When I say that I spent a winter living near a beach in France, most people assume I’m talking about the French Riviera—home of glamorous Nice and glittering Monaco. And while I’ve certainly dipped my toes in the water off the coasts of both those places, where I actually chose to spend my time was on the southwestern coast of French, just north of the Spanish border.
This region is known as the French Basque Country. It has its own language, food traditions and culture and is neither entirely French or entirely Spanish. There’s lots of reasons why you should you visit, loads of charming places to stay and plenty to keep you entertained.
Read on for the inside scoop…
Where to Stay
The regional capital is Bayonne—an inland city known for its chocolate—but if you’re going to Basque Country, I recommend staying closer to the beach and making Bayonne, which is quieter and less bustling, a day trip instead.
For those who love movement, hustle, shopping, lots of restaurant choices, pretty promenades and more than a little glitz…Biarritz is the place to be. The town is home to some of the region’s most popular tourist attractions—including the big local casino—and is a popular playground for the glitterati.
If you’re more interested in a quiet place to retreat after a day of exploring the region, head for Saint-Jean-de-Luz—my personal favourite spot in the area. Home to a cute, busy town centre and an equally cute and busy beachfront promenade lined with characteristic Basque-style townhomes, Saint-Jean-de-Luz also has a quieter side. Keep walking north along the main promenade and through the park and the crowds will thin as you get into quieter residential areas along the coast. Saint-Jean is also a great base for those doing a lot of exploring by train. The station is right in the heart of town (as opposed to Biarritz, where you’ll need to catch a bus to the train station just outside town).

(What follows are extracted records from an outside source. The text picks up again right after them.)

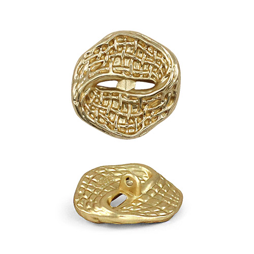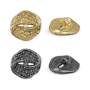 Эта металлическая пуговица на ножке привлекает внимание своим уникальным дизайном. Пуговица напоминает плоское перекрученное кольцо, дополненное выразительной фактурной поверхностью. Дизайн пуговицы – это баланс смелой оригинальности и сдержанного минимализма. Такие пуговицы станут идеальной стильной деталью для жакета или костюма, добавляя образу индивидуальности и современное звучание.
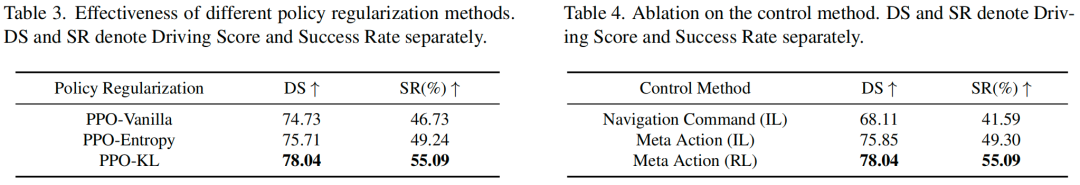 控制方法消融:我们通过对比两种高层指令方式,研究了不同控制方法的效果:导航指令和大语言模型生成的元动作。如表4所示,基于视觉语言模型引导的元动作模仿学习模型,相较于导航指令基准,驾驶得分提升7.74分,成功率提升7.71%,表明视觉语言模型衍生的元动作能支持复杂交通场景下更有效的推理;引入在线强化学习后,元动作选择进一步优化,驾驶得分额外提升2.19分,成功率额外提升5.79%。
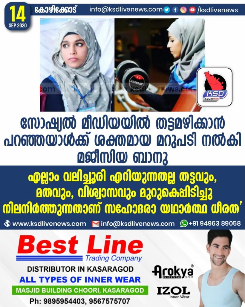 സോഷ്യൽ മീഡിയയിൽ തട്ടമഴിക്കാൻ പറഞ്ഞയാൾക്ക് ശക്തമായ മറുപടി നൽകി മജീസിയ ബാനു ;
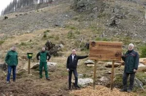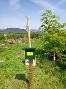 Anlässlich des 10-jährigen Jubiläums des Naturerbewaldes in Blankenburg (Harz) hat die Stiftung Umwelt, Natur- und Klimaschutz des Landes Sachsen-Anhalt, die Harzer Wandernadel Gmbh und die Stadt Blankenburg (Harz) am 5.Juni 2021 diese Sonderstelle aufgestellt.
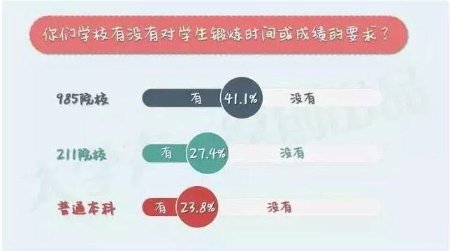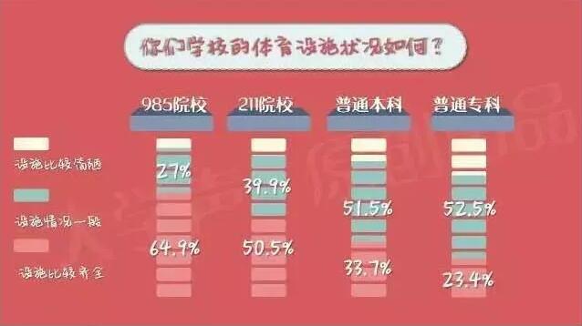 从图表中明显可以看出,水平越高的院校对学生体育锻炼的要求也越高,同时学校的体育设施的建设和维护情况就越好。985院校有三分之二的学生认为自己学校的体育设施比较齐全,基本能满足学生使用的需求,则国内绝大部分普通本科院校体育设施的建设水平不容客观,甚至有15%的学生认为自己学校的体育设施比较烂。
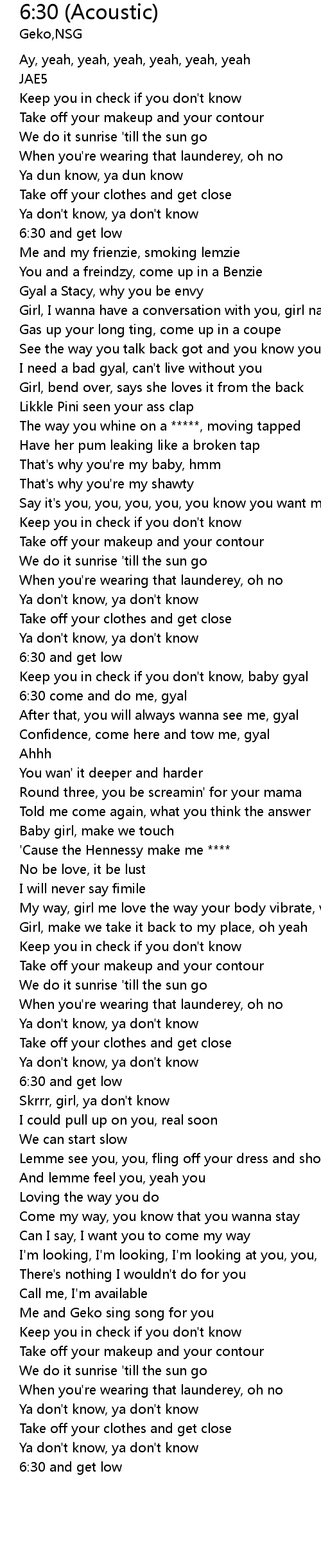 | [01:29.72] | 6:30 come and do me, gyal |
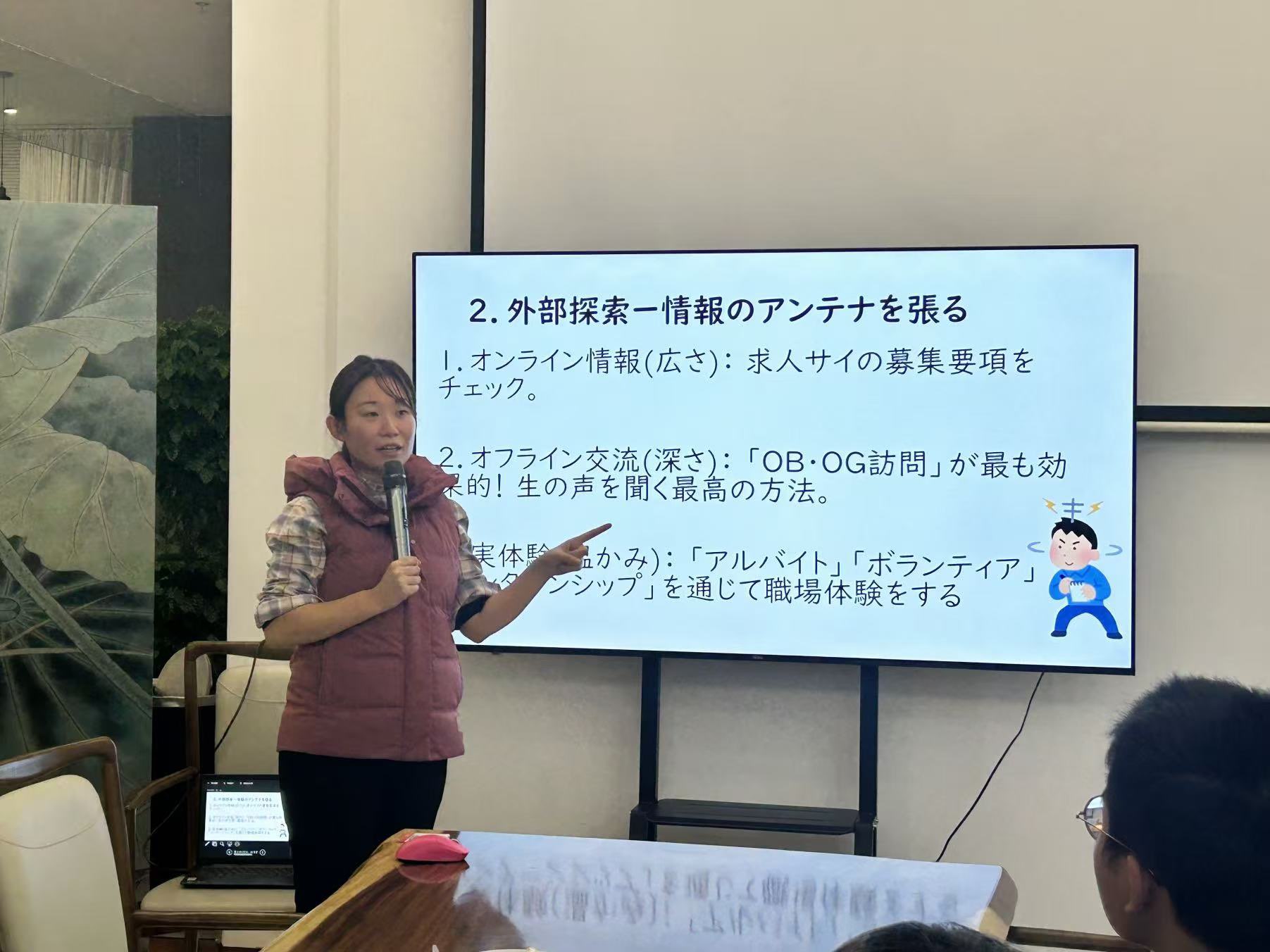 外教金崎藍子老师以“指南针”为巧妙喻体,用跨文化视角开启互动环节。她将职业选择比作 “人生导航”,引导同学们将 “指南针指针” 与自身特质精准对齐:从 “我具备哪些核心能力” 到 “我真正热爱什么领域”,再到 “我的兴趣如何转化为职业优势”,层层递进的引导让同学们逐步看清自我定位。在轻松融洽的问答氛围中,不少同学主动举手分享困惑,金崎藍子老师逐一耐心解答,帮助同学们重新审视自我核心要素,既明确了未来探索的方向,更积蓄了 “按自己节奏规划人生” 的笃定底气。

Bayonne, the capital of the region, just a short bus ride from beachfront Biarritz, is where chocolate was first introduced in France. Brought in from Spain in the 1600s, early chocolate here was served hot, hand-whipped, slightly bitter and with handmade cream. Today, you can still find it served that way at Cazenave (19 Arceaux du Port-Neuf). Locals have theirs with a thick slice of buttered bread.
Back in Biarritz, there are plenty of foodie gems to be found, including the tiny, non-descript creperie Bleue de Toi on Rue Mazagran, where you’ll find cheap, paper-thin crepes that delight. The expat-owned Milwaukee Cafe, dishes up soft, homemade cookies and TexMex-style hamburgers will keep you coming back for more.
What to Do
The Basque coastline is surfer heaven, but even if you’re not up for a surf lesson or a romp in the waves, finding a quiet beachfront spot to watch the pros at work is a real treat. Of course, beachfront walks, picnics and swims are also popular here, as is shopping in the winding streets of Biarritz, gambling at the casino or heading to Bayonne for the day to shop at the big fresh market.
When to Go
Basque Country, like other sunny parts of Europe, is popular and can get crowded in the summertime. For slightly less crowds (but still excellent weather), make your way to the coast during shoulder season in September, October or even early November (when it might not be swimming weather, but there are still plenty of sunny days and you’re likely to have your pick of great apartments at even better prices).
Round-trip flights from Paris to Biarritz start as low as $130 and take about an hour. Trains run daily and tickets can be had for €24 ($33) one-way for the five-hour journey.
What it Costs
My own month based in Biarritz, living just a few blocks from the beach in the southern part of town, cost just €1,617 ($2,277). That’s including an apartment found on Airbnb, a whole lot of crepes and day trips to Bayonne, Saint-Jean and other nearby towns.